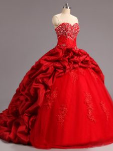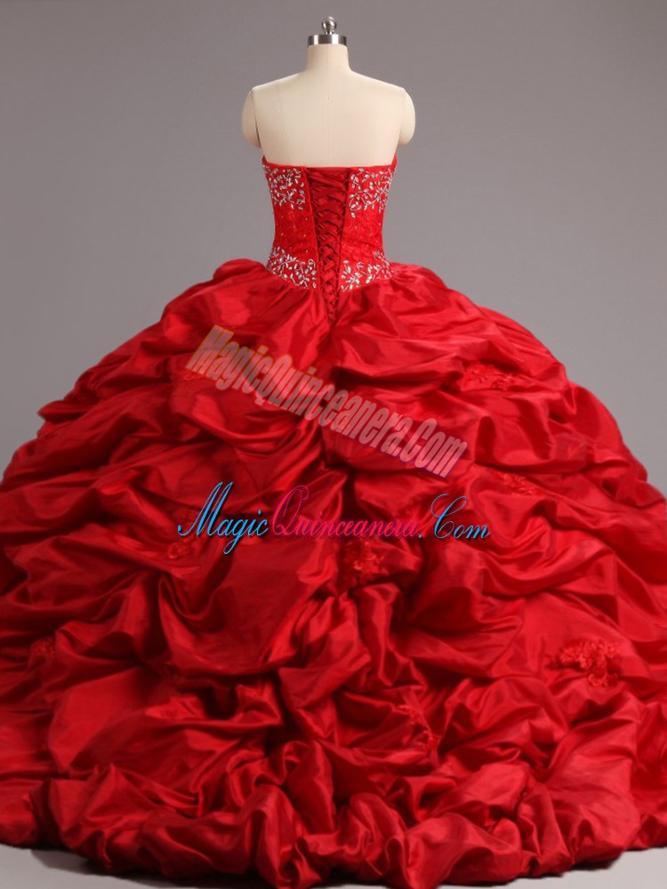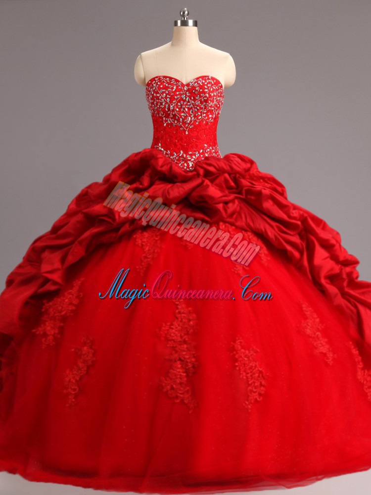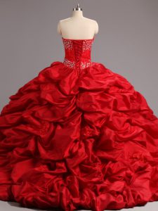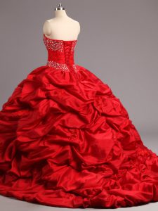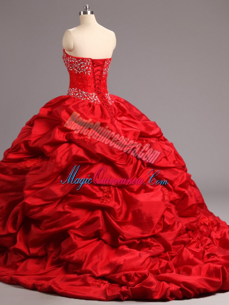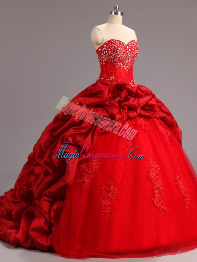 Sweetheart Sleeveless Taffeta and Tulle Vestidos de Quinceanera Beading and Appliques and Pick Ups Court Train Lace Up
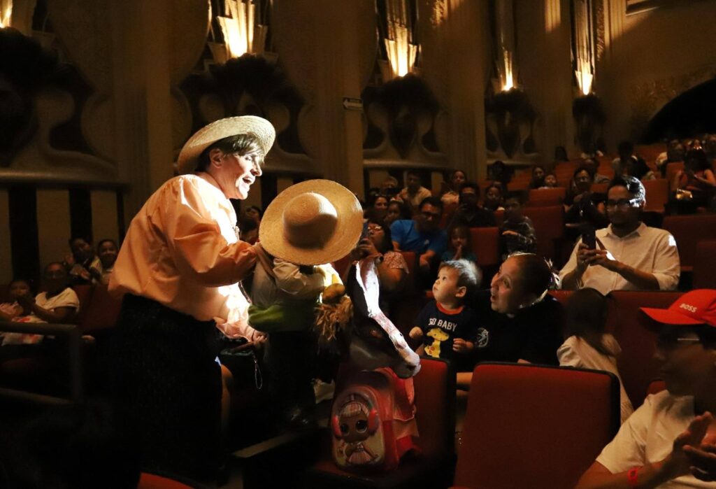 Mérida, Yucatán, a 22 de agosto.– El Teatro Armando Manzanero fue escenario de una tarde mágica en la que niñas, niños y familias yucatecas disfrutaron la puesta en escena “¿Qué me cuentas, Don Quijote?”, interpretada por el reconocido actor y cuentacuentos Mario Iván Martínez, en una función gratuita organizada por la Secretaría de la Cultura y las Artes (Sedeculta).
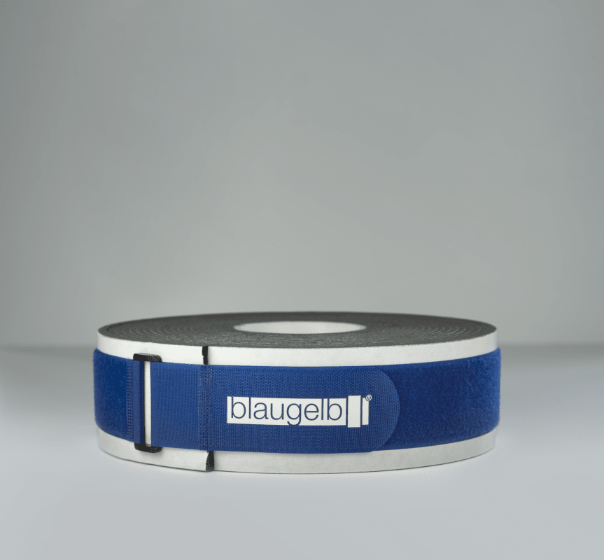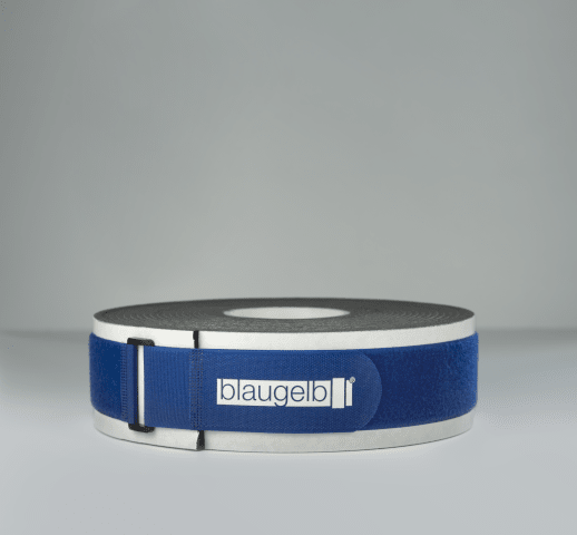 Das blaugelb Gurtband hält angefangene blaugelb Multifunktionsbänder ab einer Bandbreite von min. 30 mm zusammen, die Rollen sind so vor dem ungewollten Expandieren gesichert und bleiben für den nächs
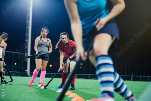 young, woman, field, hockey, player, practice, sport, drill, adult, agile, athlete, ball, candid, caucasian, clothes, colours, competition, competitive, cone, dedication, determination, down, dripped, effort, exercise, generation, healthy, image, lifestyle, look, muscular, night, outdoors, people, play, recreation, selective focus, racked, stick, strength, team, three, tilt, togetherness, train, vitality, work
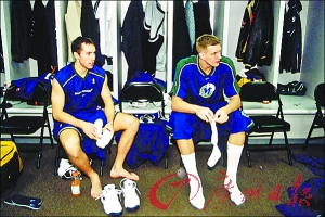 反正在賽前,你絕對(duì)見(jiàn)不到更衣室里人員扎堆的情況。賽場(chǎng)上練完投籃的人,還會(huì)跑到更衣室練點(diǎn)別的;在更衣室里按摩的人,弄完之后也會(huì)跑到賽場(chǎng)上再練會(huì)。而且,大家練習(xí)的時(shí)間也不一樣。有的人練得早,有的人出來(lái)得晚,在這樣的情況下,你要看到球員聊天說(shuō)話(huà),實(shí)在不是一件容易的事情。一般也就一兩個(gè)球員碰到一起,換衣服的時(shí)候、吃東西的時(shí)候,才會(huì)相互聊上兩句。要想在賽前采訪(fǎng)球員,除了等待,還得看運(yùn)氣。
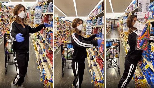 Elisabetta Canalis fa scorta di cibo e per la spesa toglie gli abiti sexy
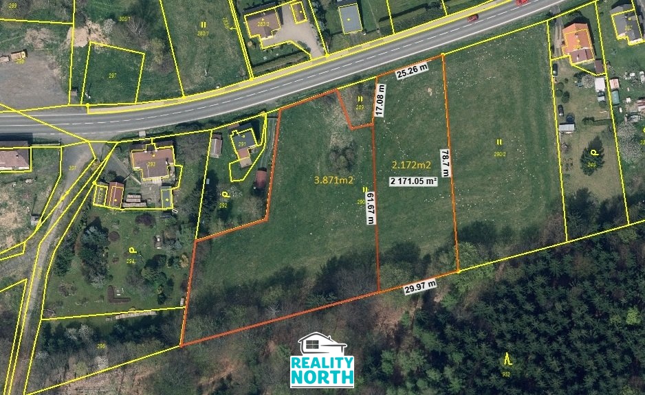 Reality North Vám zprostředkují prodej stavebního pozemku v katastrálním území Rybniště o velikosti 2.172m² Obdélníkový tvar pozemku je souběžný se silnicí Děčín-Rumburk, sklon pozemku je téměř rovina až nepatrně svažitý od nedalekého lesa k silnici . Vedení elektřiny je na druhé straně silnice, popř. cca 30m od kraje pozemku. Řešení vody buď rozšířením kapacity vodárny, nebo studnou na pozemku, odpad ČOV. Výhodou je možnost velikost pozemků změnit (po dohodě s majitelem) dle potřeby zájemce, nebo pozemek koupit celý - 6.043m2 za cenu 550Kč/m2. Více informací Vám rádi poskytneme v RK.
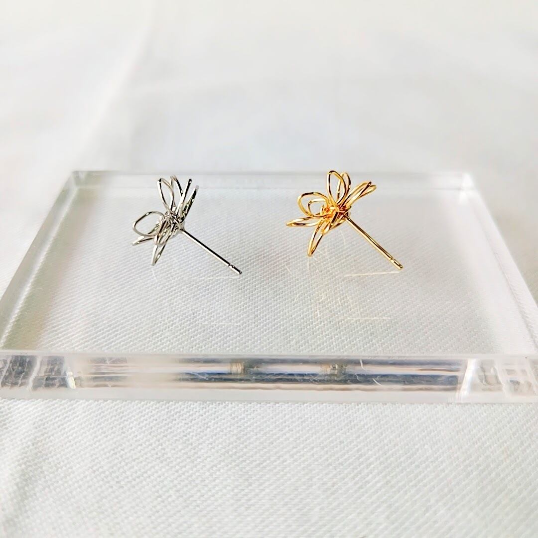 【4個】【MP015】ピアス ワイヤー フラワー 5弁 小ぶり フレーム ワイヤーアート アクセサリーパーツ ハンドメイド DIY
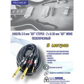Найти - Шнур 3.5мм шт стерео - 2 х 6.35мм шт моно позолоченный , длина - 5 метров
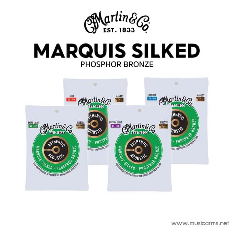 Martin Marquis Silked Phosphor Bronze สายกีต้าร์โปร่งออกแบบมาเพื่อให้กีตาร์ชั้นดีของคุณมีการปกป้องที่ดียิ่งขึ้น มีการพันผ้าไหมแบบนุ่มที่ปลายสาย เพื่อป้องกันการสึกหรอบนสะพาน การพันผ้าไหมเพิ่มชั้นหรือการป้องกัน เพิ่มความต้านทานการกัดกร่อน และให้ความเสถียรในการปรับแต่งที่เชื่อถือได้ สาย Phosphor Bronze ผลิตด้วยทองแดง ดีบุก และฟอสฟอรัส ให้โทนเสียงที่เข้มและอุ่นกว่าสาย 80/20 เล็กน้อย
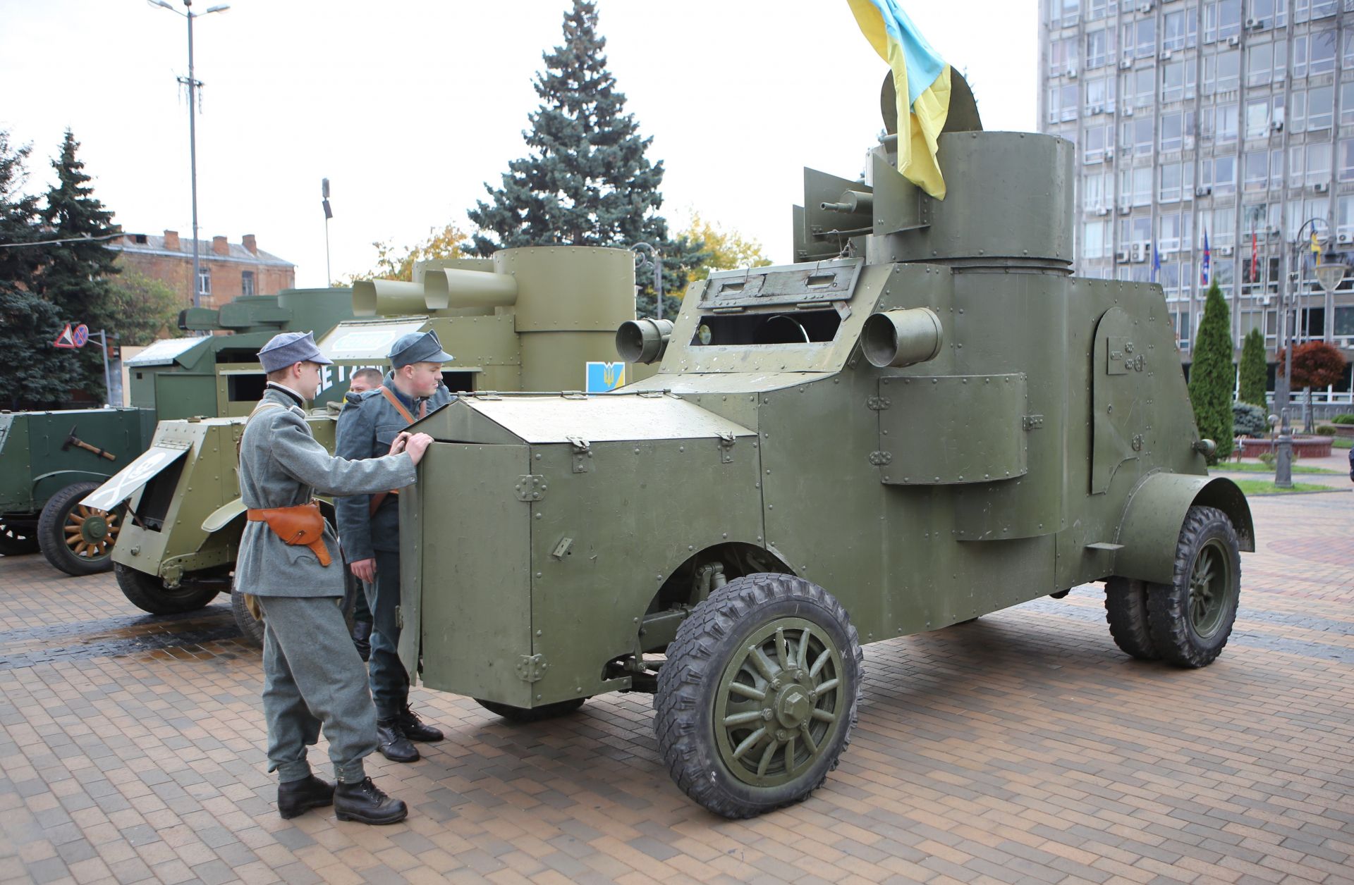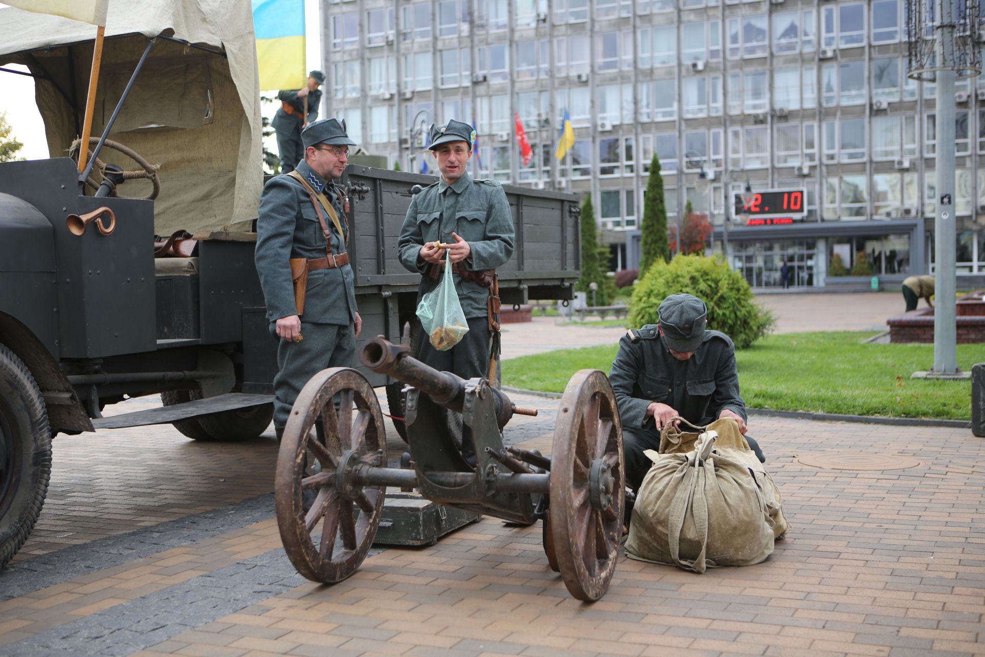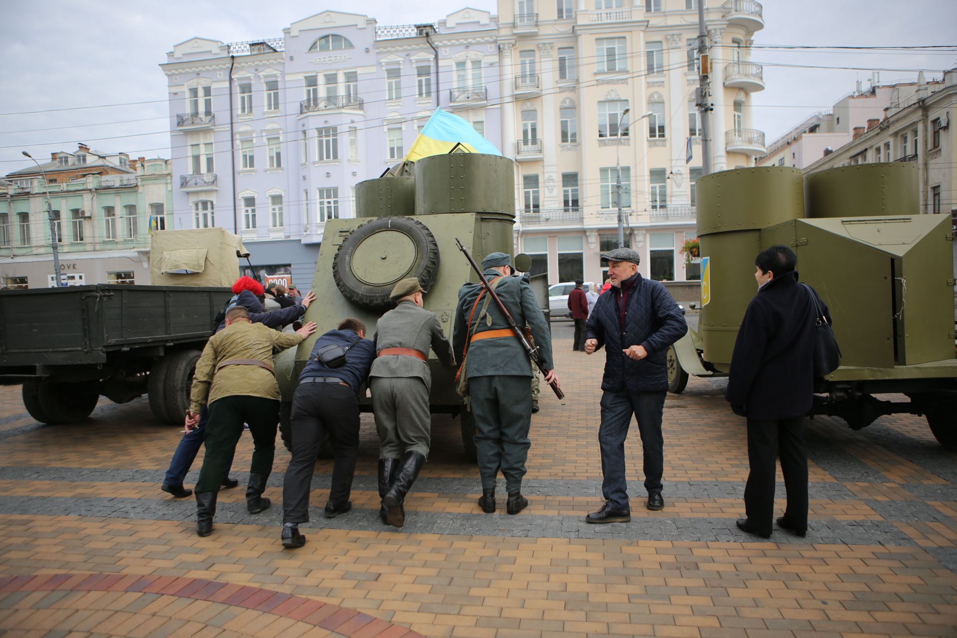 О 10.00 на майдан Незалежності приїхали три панцерники, вантажівка та зо два десятки людей — реконструкторів історії, які були в формі військових 100-річної давності.

WHAT TO PRODUCE: Starting at the line that contains "Elisabetta Canalis fa", write out exactly each line through the last one in the listing above, leaving out the pictures and adding nothing else.

FINISHED EXERCISE:
 Elisabetta Canalis fa scorta di cibo e per la spesa toglie gli abiti sexy
 Reality North Vám zprostředkují prodej stavebního pozemku v katastrálním území Rybniště o velikosti 2.172m² Obdélníkový tvar pozemku je souběžný se silnicí Děčín-Rumburk, sklon pozemku je téměř rovina až nepatrně svažitý od nedalekého lesa k silnici . Vedení elektřiny je na druhé straně silnice, popř. cca 30m od kraje pozemku. Řešení vody buď rozšířením kapacity vodárny, nebo studnou na pozemku, odpad ČOV. Výhodou je možnost velikost pozemků změnit (po dohodě s majitelem) dle potřeby zájemce, nebo pozemek koupit celý - 6.043m2 za cenu 550Kč/m2. Více informací Vám rádi poskytneme v RK.
 【4個】【MP015】ピアス ワイヤー フラワー 5弁 小ぶり フレーム ワイヤーアート アクセサリーパーツ ハンドメイド DIY
Найти - Шнур 3.5мм шт стерео - 2 х 6.35мм шт моно позолоченный , длина - 5 метров
 Martin Marquis Silked Phosphor Bronze สายกีต้าร์โปร่งออกแบบมาเพื่อให้กีตาร์ชั้นดีของคุณมีการปกป้องที่ดียิ่งขึ้น มีการพันผ้าไหมแบบนุ่มที่ปลายสาย เพื่อป้องกันการสึกหรอบนสะพาน การพันผ้าไหมเพิ่มชั้นหรือการป้องกัน เพิ่มความต้านทานการกัดกร่อน และให้ความเสถียรในการปรับแต่งที่เชื่อถือได้ สาย Phosphor Bronze ผลิตด้วยทองแดง ดีบุก และฟอสฟอรัส ให้โทนเสียงที่เข้มและอุ่นกว่าสาย 80/20 เล็กน้อย
 О 10.00 на майдан Незалежності приїхали три панцерники, вантажівка та зо два десятки людей — реконструкторів історії, які були в формі військових 100-річної давності.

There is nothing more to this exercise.